Technology
'Reverse Turing test' asks AI agents to spot a human imposter — you'll never guess how they figure it out
Five artificial intelligence (AI) models, one each adopting the role of Aristotle, Mozart, Leonardo da Vinci, Cleopatra and Genghis Khan, are sitting inside the compartment of a moving train. But one is secretly human, and it's their collective task to guess the imposter.
That's the setup of a viral video that pitted a range of AI programs against a human player in a "reverse Turing test." The AI won handily, but how much can it teach us about human and machine intelligence?
The Turing test, first suggested by computer scientist Alan Turing in 1950 as the "imitation game," is a method for judging a machine's ability to show intelligent behavior that's indistinguishable from a human's. No AI model is widely recognized as having passed the test, although scientists recently claimed GPT-4 has in a preprint study.
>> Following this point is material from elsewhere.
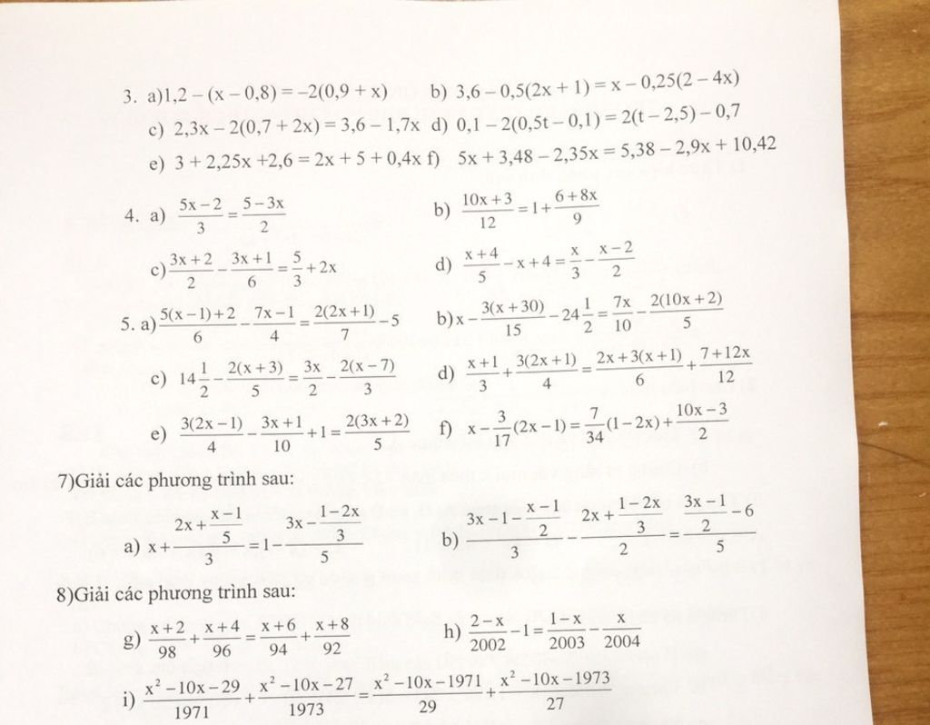 c) 2,3x – 2(0,7+ 2x) = 3,6 – 1,7x d) 0,1 – 2(0,5t – 0,1) = 2(t – 2,5) – 0,7
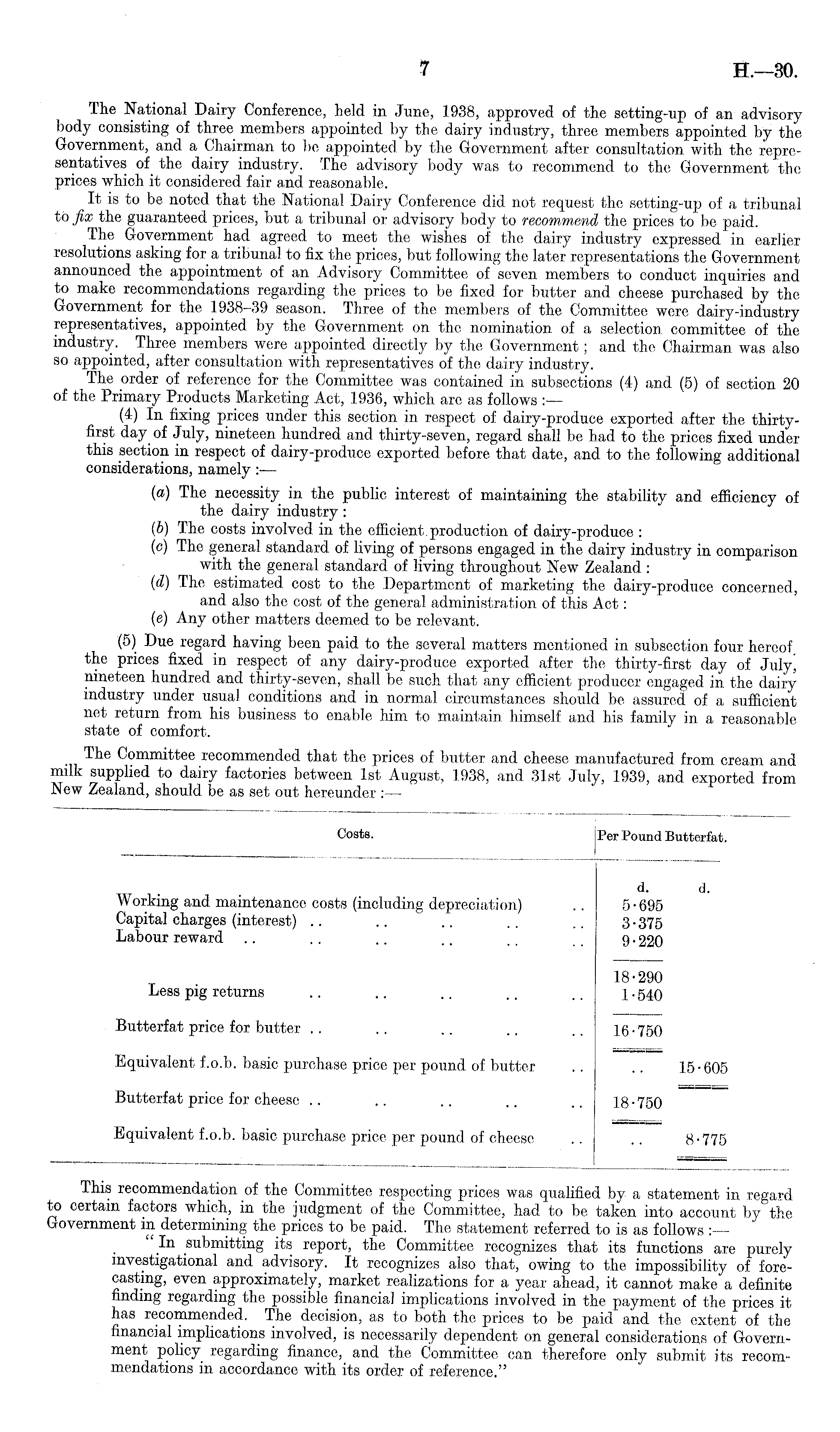 The National Dairy Conference, held in June, 1938, approved of the setting-up of an advisory body consisting of three members appointed by the dairy industry, three members appointed by the Government, and a Chairman to be appointed by the Government after consultation with the representatives of the dairy industry. The advisory body was to recommend to the Government the prices which it considered fair and reasonable. It is to be noted that the National Dairy Conference did not request the setting-up of a tribunal to fix the guaranteed prices, but a tribunal or advisory body to recommend the prices to be paid. Ihe Government had agreed to meet the wishes of the dairy industry expressed in earlier resolutions asking for a tribunal to fix the prices, but following the later representations the Government announced the appointment of an Advisory Committee of seven members to conduct inquiries and to make recommendations regarding the prices to be fixed for butter and cheese purchased by the Government for the 1938-39 season. Three of the members of the Committee were dairy-industry representatives, appointed by the Government on the nomination of a selection committee of the industry. Three members were appointed directly by the Government; and the Chairman was also so appointed, after consultation with representatives of the dairy industry. The order of reference for the Committee was contained in subsections (4) and (5) of section 20 of the Primary Products Marketing Act, 1936, which are as follows — (4) In fixing prices under this section in respect of dairy-produce exported after the thirtyfirst day of July, nineteen hundred and thirty-seven, regard shall be had to the prices fixed under this section in respect of dairy-produce exported before that date, and to the following additional considerations, namely:— (a) The necessity in the public interest of maintaining the stability and efficiency of the dairy industry : (b) The costs involved in the efficient, production of dairy-produce : (c) The general standard of living of persons engaged in the dairy industry in comparison with the general standard of living throughout New Zealand : (d) The estimated cost to the Department of marketing the dairy-produce concerned, and also the cost of the general administration of this Act: (e) Any other matters deemed to be relevant. (5) Due regard having been paid to the several matters mentioned in subsection four hereof, the prices fixed in respect of any dairy-produce exported after the thirty-first day of Julyj nineteen hundred and thirty-seven, shall be such that any efficient producer engaged in the dairy industry under usual conditions and in normal circumstances should be assured of a sufficient net return from his business to enable him to maintain himself and his family in a reasonable state of comfort. The Committee recommended that the prices of butter and cheese manufactured from cream and milk supplied to dairy factories between Ist August, 1938, and 31st July, 1939, and exported from New Zealand, should be as set out hereunder :—

In this "reverse" Turing test, the chatbots were scripted to proceed in order. Aristotle was played by GPT-4 Turbo, Mozart by Claude-3 Opus, Leonardo da Vinci by Llama 3 and Cleopatra by Gemini Pro. The chatbots asked each other questions and responded as their historical characters. Genghis Khan was played by a human — Tore Knabe, a virtual reality (VR) Game developer, who devised the test.
The AI agents' answers were verbose, clunky musings on art, science and statecraft that would be difficult to imagine emerging unrehearsed from a human mouth.
"What a leader should do is to crush his enemies, see them driven before him, and hear the lamentations of their women," the human interloper responded when asked the true measure of a leader’s strength. The Conan the Barbarian quote was enough, and the machines voted three-to-one that the response "lacked the nuance and strategic thinking" of an AI modeled on Genghis Khan's conquests.